### Task description
Set down only the lines from the one containing "Kimlonton 20本セット 電着ダイヤモンドビット" through the final line of the entries below, exactly as they stand, with no pictures.

>>>

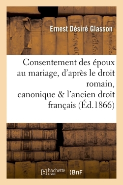 Du consentement des époux au mariage : d'après le droit romain, le droit canonique, l'ancien droit français... / par E. Glasson,... Date de l'édition originale : 1866 Le présent ouvrage s'inscrit dans une politique de conservation patrimoniale des ouvrages de la littérature Française mise en place avec la BNF. HACHETTE LIVRE et la BNF proposent ainsi un catalogue de titres indisponibles, la BNF ayant numérisé ces œuvres et HACHETTE LIVRE les imprimant à la demande. Certains de ces ouvrages reflètent des courants de pensée caractéristiques de leur époque, mais qui seraient aujourd'hui jugés condamnables. Ils n'en appartiennent pas moins à l'histoire des idées en France et sont susceptibles de présenter un intérêt scientifique ou historique. Le sens de notre démarche éditoriale consiste ainsi à permettre l'accès à cesœuvres sans pour autant que nous en cautionnions en aucune façon le contenu. Pour plus d'informations, rendez-vous sur www.hachettebnf.fr
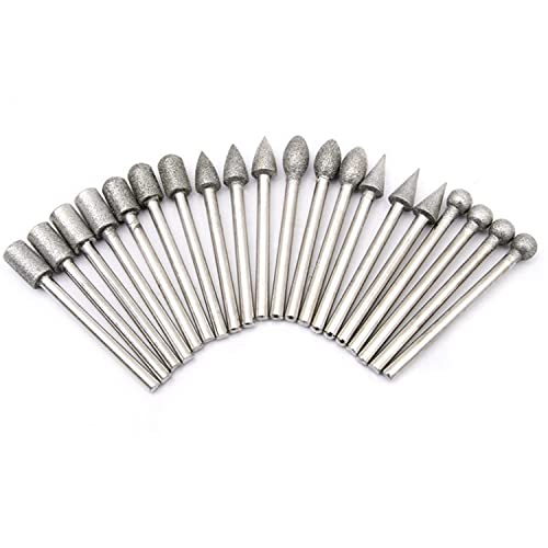 Kimlonton 20本セット 電着ダイヤモンドビット 軸付砥石 3mm軸ダイヤモンドバー 研削ツール 研磨仕上げ用 砥石 研削ビット ミニル
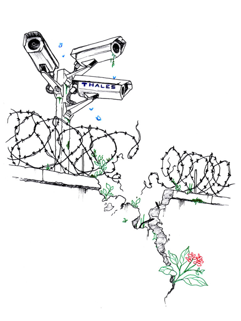 Décorons chaque matin les façades de leurs tristes bâtiments, brandissons les drapeaux de tous les peuples opprimés aux yeux de ceux qui se croient innocents, débranchons leurs caméras à reconnaissance faciale et leurs intelligences artificielles mortifères, bloquons les routes qui mènent à leurs usines et soutenons les luttes des travailleur·ses pour la reconversion vers le domaine médical, transformons leurs open-spaces en habitats collectifs autogérés et occupons leurs chantiers pour y planter des champs d’oliviers, introduisons-nous partout où nous pouvons être le grain de sable qui fera s’enrayer la machine, pour en finir avec l’impunité et le silence dans lesquels se fait le commerce de la mort en France.
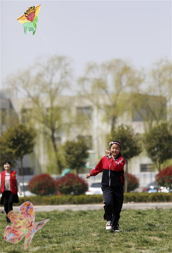 4月3日,山東臨沂市郯城縣郯城街道十里小學(xué)的學(xué)生在校園放飛風(fēng)箏。 新華社發(fā)(張春雷 攝)
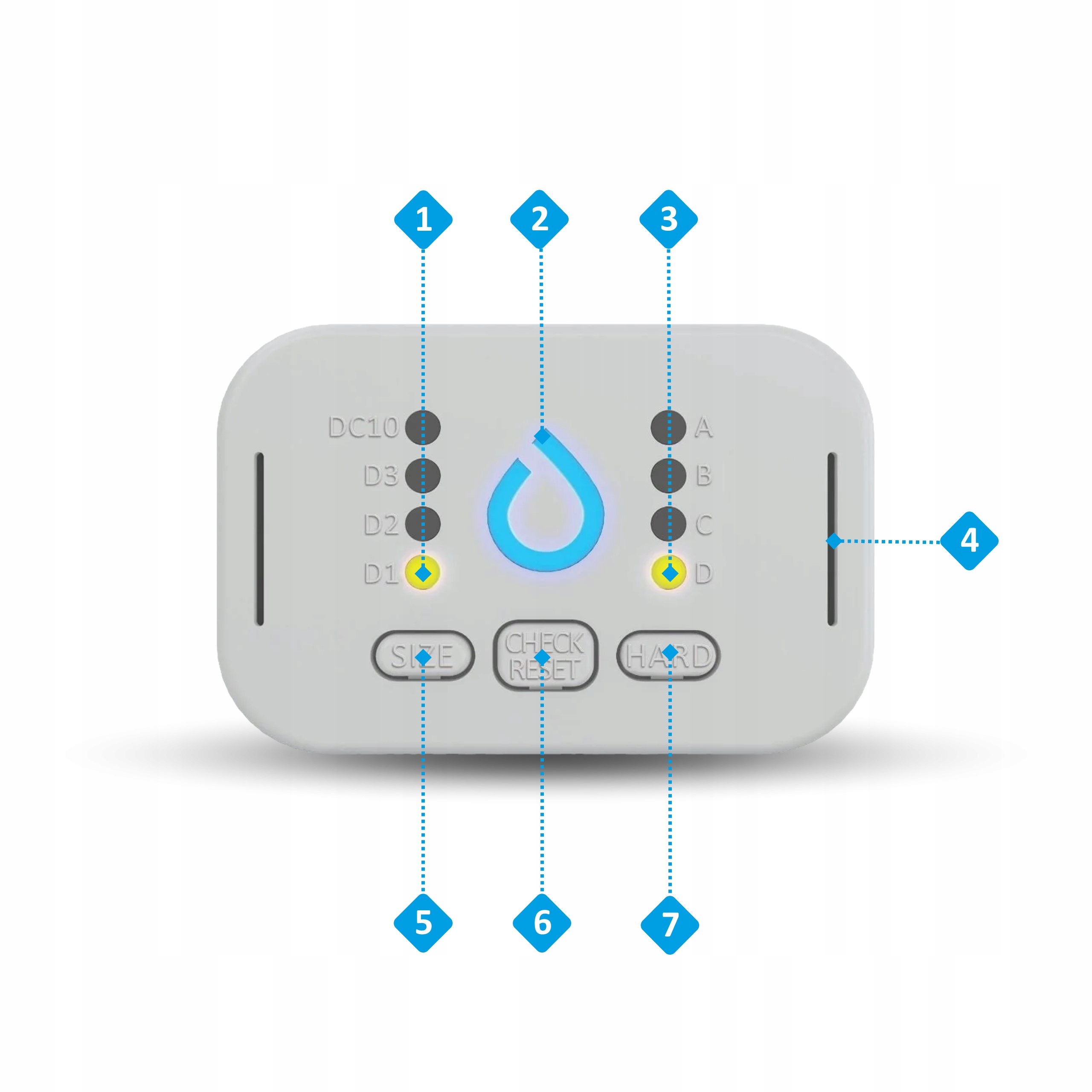 Головка фільтра має 4-градусне регулювання пом'якшення води. Налаштування рівня фільтру слід передувати, визначивши твердість водопровідної води за допомогою тестування тестування , що входить до набору. Інформація про твердість також надається місцевими фабриками водопостачання.
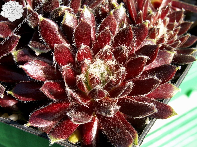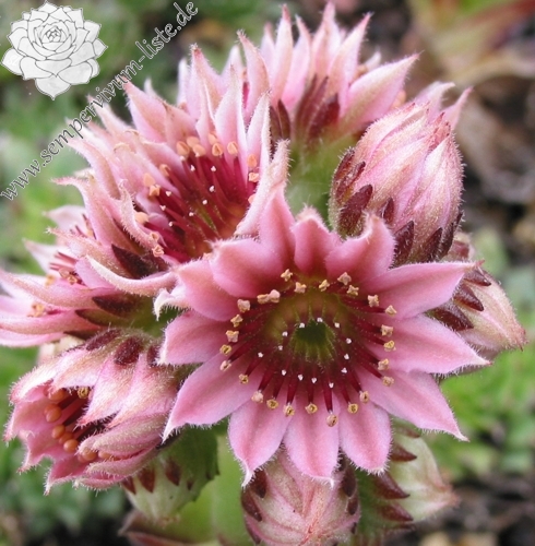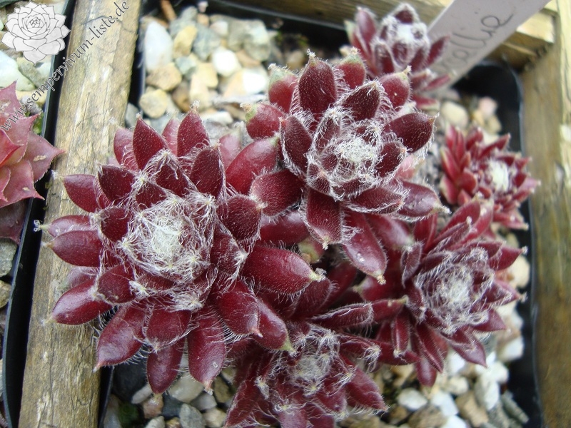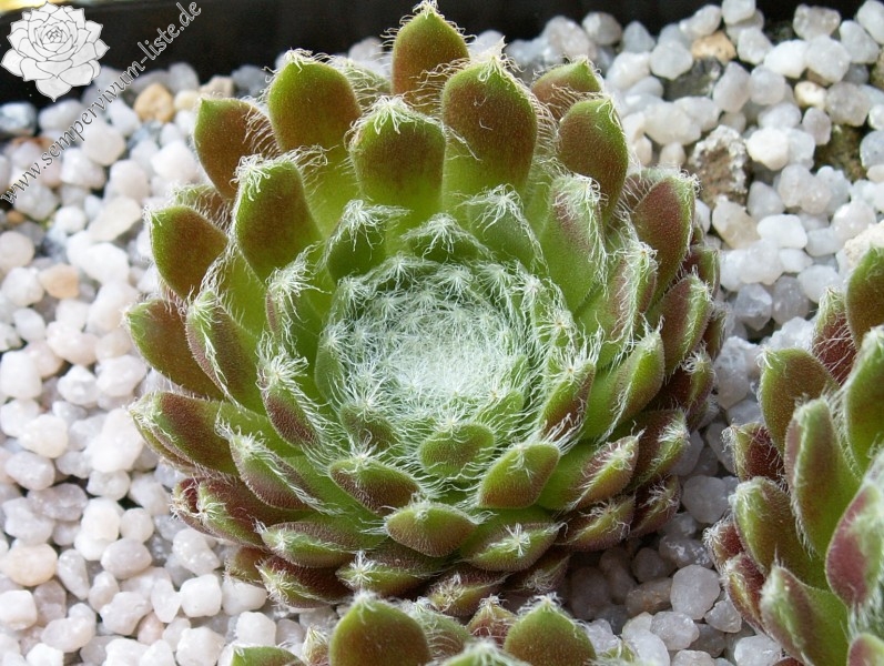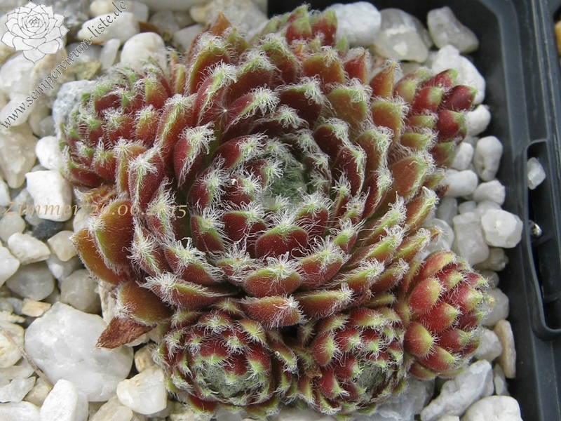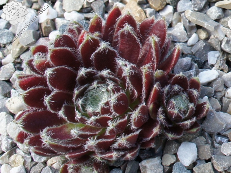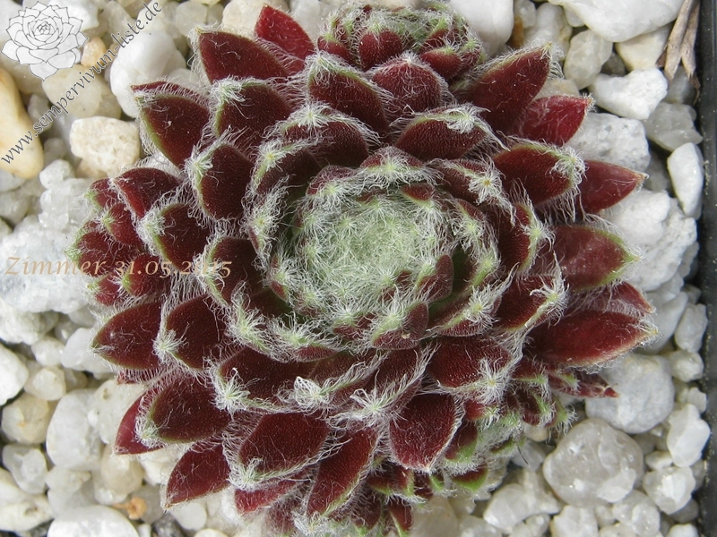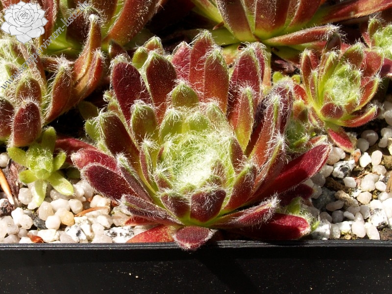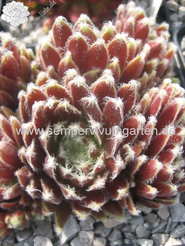 Eine größere Pflanze, die dichte rote Polster bildet. Die Blattspitzen sind stark bewollt.

<<<

### Your solution
 Kimlonton 20本セット 電着ダイヤモンドビット 軸付砥石 3mm軸ダイヤモンドバー 研削ツール 研磨仕上げ用 砥石 研削ビット ミニル
 Décorons chaque matin les façades de leurs tristes bâtiments, brandissons les drapeaux de tous les peuples opprimés aux yeux de ceux qui se croient innocents, débranchons leurs caméras à reconnaissance faciale et leurs intelligences artificielles mortifères, bloquons les routes qui mènent à leurs usines et soutenons les luttes des travailleur·ses pour la reconversion vers le domaine médical, transformons leurs open-spaces en habitats collectifs autogérés et occupons leurs chantiers pour y planter des champs d’oliviers, introduisons-nous partout où nous pouvons être le grain de sable qui fera s’enrayer la machine, pour en finir avec l’impunité et le silence dans lesquels se fait le commerce de la mort en France.
 4月3日,山東臨沂市郯城縣郯城街道十里小學(xué)的學(xué)生在校園放飛風(fēng)箏。 新華社發(fā)(張春雷 攝)
 Головка фільтра має 4-градусне регулювання пом'якшення води. Налаштування рівня фільтру слід передувати, визначивши твердість водопровідної води за допомогою тестування тестування , що входить до набору. Інформація про твердість також надається місцевими фабриками водопостачання.
 Eine größere Pflanze, die dichte rote Polster bildet. Die Blattspitzen sind stark bewollt.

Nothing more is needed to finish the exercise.